> **Data**:
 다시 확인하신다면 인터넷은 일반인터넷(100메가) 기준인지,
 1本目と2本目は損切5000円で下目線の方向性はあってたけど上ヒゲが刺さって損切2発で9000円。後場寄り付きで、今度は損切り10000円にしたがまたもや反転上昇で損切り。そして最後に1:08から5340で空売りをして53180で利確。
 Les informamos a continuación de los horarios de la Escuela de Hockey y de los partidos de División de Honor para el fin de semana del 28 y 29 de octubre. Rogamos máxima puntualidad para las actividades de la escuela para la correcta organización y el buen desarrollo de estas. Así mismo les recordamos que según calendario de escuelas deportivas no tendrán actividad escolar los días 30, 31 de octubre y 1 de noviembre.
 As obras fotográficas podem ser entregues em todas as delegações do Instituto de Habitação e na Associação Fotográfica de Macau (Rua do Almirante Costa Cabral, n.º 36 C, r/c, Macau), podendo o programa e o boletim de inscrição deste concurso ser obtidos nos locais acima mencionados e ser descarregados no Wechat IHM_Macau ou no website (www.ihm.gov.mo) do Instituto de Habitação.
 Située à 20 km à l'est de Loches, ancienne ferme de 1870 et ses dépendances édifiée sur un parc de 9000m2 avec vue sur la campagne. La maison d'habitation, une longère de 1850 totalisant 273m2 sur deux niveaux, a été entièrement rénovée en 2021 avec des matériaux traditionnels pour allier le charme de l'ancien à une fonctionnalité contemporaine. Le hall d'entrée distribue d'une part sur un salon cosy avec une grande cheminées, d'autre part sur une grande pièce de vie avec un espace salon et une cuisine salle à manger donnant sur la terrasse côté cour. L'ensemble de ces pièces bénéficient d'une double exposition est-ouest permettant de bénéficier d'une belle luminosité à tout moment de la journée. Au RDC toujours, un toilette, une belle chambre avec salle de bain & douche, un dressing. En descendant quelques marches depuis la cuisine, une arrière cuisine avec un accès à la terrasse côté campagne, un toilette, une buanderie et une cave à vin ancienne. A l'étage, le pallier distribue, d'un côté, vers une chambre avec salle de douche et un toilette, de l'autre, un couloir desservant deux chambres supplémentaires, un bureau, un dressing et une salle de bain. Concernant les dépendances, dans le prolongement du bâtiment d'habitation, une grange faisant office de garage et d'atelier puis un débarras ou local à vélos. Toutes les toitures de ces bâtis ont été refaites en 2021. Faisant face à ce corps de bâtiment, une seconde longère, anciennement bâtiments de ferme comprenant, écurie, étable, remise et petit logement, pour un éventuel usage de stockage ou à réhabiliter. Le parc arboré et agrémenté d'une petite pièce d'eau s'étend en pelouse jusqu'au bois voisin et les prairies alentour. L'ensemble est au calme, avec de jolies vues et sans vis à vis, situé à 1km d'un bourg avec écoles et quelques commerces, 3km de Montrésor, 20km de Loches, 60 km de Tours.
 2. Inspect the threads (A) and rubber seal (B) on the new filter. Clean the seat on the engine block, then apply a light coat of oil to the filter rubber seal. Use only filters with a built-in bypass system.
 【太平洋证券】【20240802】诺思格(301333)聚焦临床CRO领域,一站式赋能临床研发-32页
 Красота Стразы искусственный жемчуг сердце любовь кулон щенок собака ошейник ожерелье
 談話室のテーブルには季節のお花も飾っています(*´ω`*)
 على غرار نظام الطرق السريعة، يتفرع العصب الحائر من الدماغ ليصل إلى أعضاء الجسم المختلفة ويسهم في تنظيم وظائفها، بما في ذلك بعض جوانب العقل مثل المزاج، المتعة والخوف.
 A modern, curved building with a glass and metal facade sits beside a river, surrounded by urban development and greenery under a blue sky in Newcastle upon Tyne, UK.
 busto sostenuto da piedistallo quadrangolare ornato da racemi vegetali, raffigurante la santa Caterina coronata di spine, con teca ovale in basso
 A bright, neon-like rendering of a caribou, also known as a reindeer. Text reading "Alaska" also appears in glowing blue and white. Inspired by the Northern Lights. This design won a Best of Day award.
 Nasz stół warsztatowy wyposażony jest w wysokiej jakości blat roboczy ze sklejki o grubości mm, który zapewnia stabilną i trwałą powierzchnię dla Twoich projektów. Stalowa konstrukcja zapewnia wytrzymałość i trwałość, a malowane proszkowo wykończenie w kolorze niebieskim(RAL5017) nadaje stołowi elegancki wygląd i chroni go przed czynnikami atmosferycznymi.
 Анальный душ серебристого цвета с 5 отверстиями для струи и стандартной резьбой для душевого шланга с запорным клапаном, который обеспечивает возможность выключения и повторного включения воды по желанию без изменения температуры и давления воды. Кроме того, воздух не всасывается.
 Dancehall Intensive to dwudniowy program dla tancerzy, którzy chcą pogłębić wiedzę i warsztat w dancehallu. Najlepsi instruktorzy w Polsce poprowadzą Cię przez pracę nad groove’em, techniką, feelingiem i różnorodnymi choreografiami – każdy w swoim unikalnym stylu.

> **Try it**:
Please give, as a single number with nothing added, the count of lines in the records that contain the word "blue".

> **Completed task**:
2